Кремация умершего члена сообщества требовала эмоциональных, материальных и социальных вложений в ритуал, превращавший упокоившегося человека в нечто стихийное, затем — неосязаемое, затем — вновь материальное. Проводился ли обряд на определенном месте у хутора, на маленьком кладбище при деревушке или на большом общем кладбище, которое использовали сразу несколько поселений, — в любом случае он требовал строгой организации и должен был проводиться согласно определенному порядку. После смерти покойника облачали в соответствующие одежды. К поясу подвешивали нож, на рубахе закрепляли мелкие личные вещицы: гребень, заколки, возможно, фибулы. Вещи должны были соответствовать возрасту и полу умершего, возможно, его статусу в доме, а также семейным традициям. Затем тело перемещали — на похоронных носилках, телеге или повозке — к месту, где был сложен погребальный костер, который готовили очень тщательно: чтобы тело полностью сгорело, аккуратно сложенные поленья и хворост должны были дать очень высокую температуру и при этом не развалиться. Сцена сожжения ярко изображена в поэме «Беовульф»: воины вместе собирают дрова для костра, густой черный дым поднимается в небо, плач и горестные песни смешиваются с ревом пламени[191]. Кто именно принимал участие в зажигании погребального костра, мы не знаем, но судя по тому, сколько нужно было затратить на это времени и материалов, и по тому, что огонь и дым должны были быть заметны с большого расстояния, очевидно, что такой погребальный обряд считался общезначимым событием, знаменующим преображение, завершение и нескончаемый круговорот жизни, смерти и возрождения. В представлениях провожавших умершего людей V века пламя погребального костра разрушало тело и жизнь, а керамический сосуд, сам рожденный в огне, собирал их вновь[192]. Похороны были поводом продемонстрировать чувство общности, идентичность и статус, свои чаяния и горе и заодно — подумать о собственной смертности.

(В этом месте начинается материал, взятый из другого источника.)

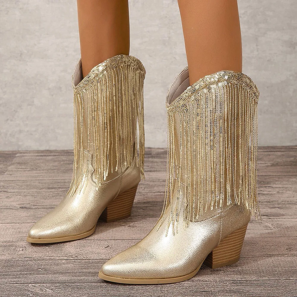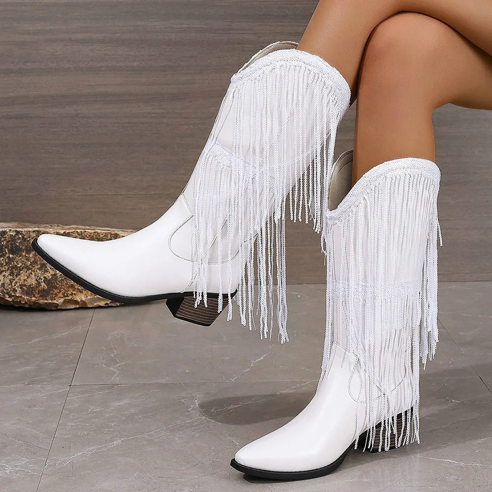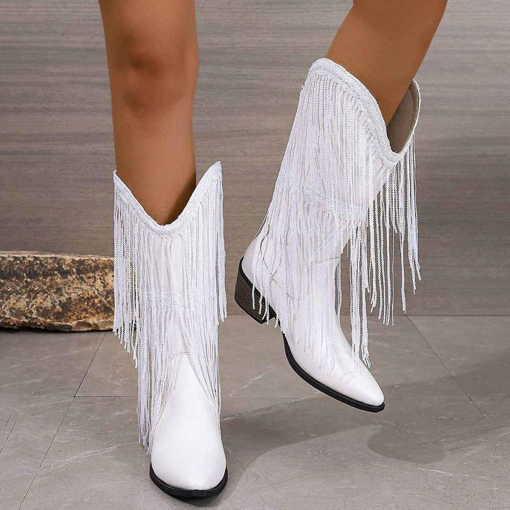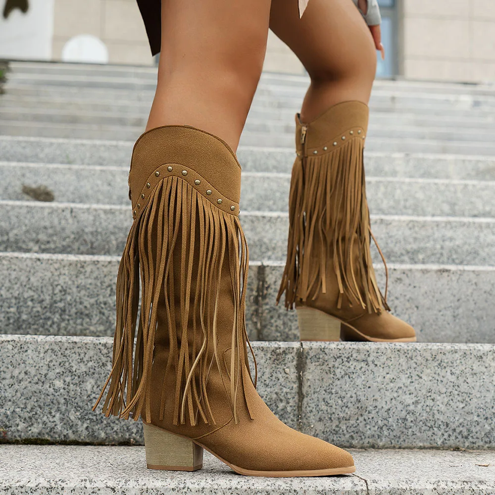 Women's Fringed Cowgirl Boots Concert Western Boot 2025 Spring Summer Vintage Cowboy Boots for Women Pointed Toe Mid-calf Boots

Умершего часто возлагали на костер вместе с каким-нибудь животным: коровой или собакой, изредка — лошадью; кости этих животных нередко обнаруживают в урнах. Иногда находят остатки того, что могло быть всего лишь куском мяса. Вероятно — и этнографические исследования говорят в пользу этой гипотезы — похороны сопровождались тризной, то есть общей трапезой, во время которой люди ели, пили, давали и получали подношения, демонстрировали свое богатство, преданность и родственные связи. Не исключено, что некоторые личные и ценные вещи, надетые и помещенные на тело покойного, представляли собой дары умершему от его родственников, от тех, кто пользовался его покровительством, и от других членов местного сообщества. Когда костер прогорал и остывал, кости человека и животного, украшения, дары и, возможно, дополнительно добавленные вещи (часто — небольшие предметы для личного пользования) собирали и укладывали в подходящую урну. Что-то участники похорон могли оставить себе на память. Сколько времени проходило до того, как урну закапывали в землю, — неизвестно; но мы очень редко находим следы погребальных костров на кладбищах или поблизости от них: каждая часть ритуала требовала собственного пространства и проводилась на своем месте. Урну помещали в землю и над ней возводили небольшой каирн из камней или холмик из земли и дерна. Место захоронения на кладбище определялось принадлежностью к определенному роду или поселению, либо выбиралось по иному, неизвестному (нам) признаку. Но по сути своей кремация, сопровождавшаяся ритуальным общением и потреблением, была социальным актом, во время которого формировалась память сообщества, укреплялась групповая и семейная идентичность.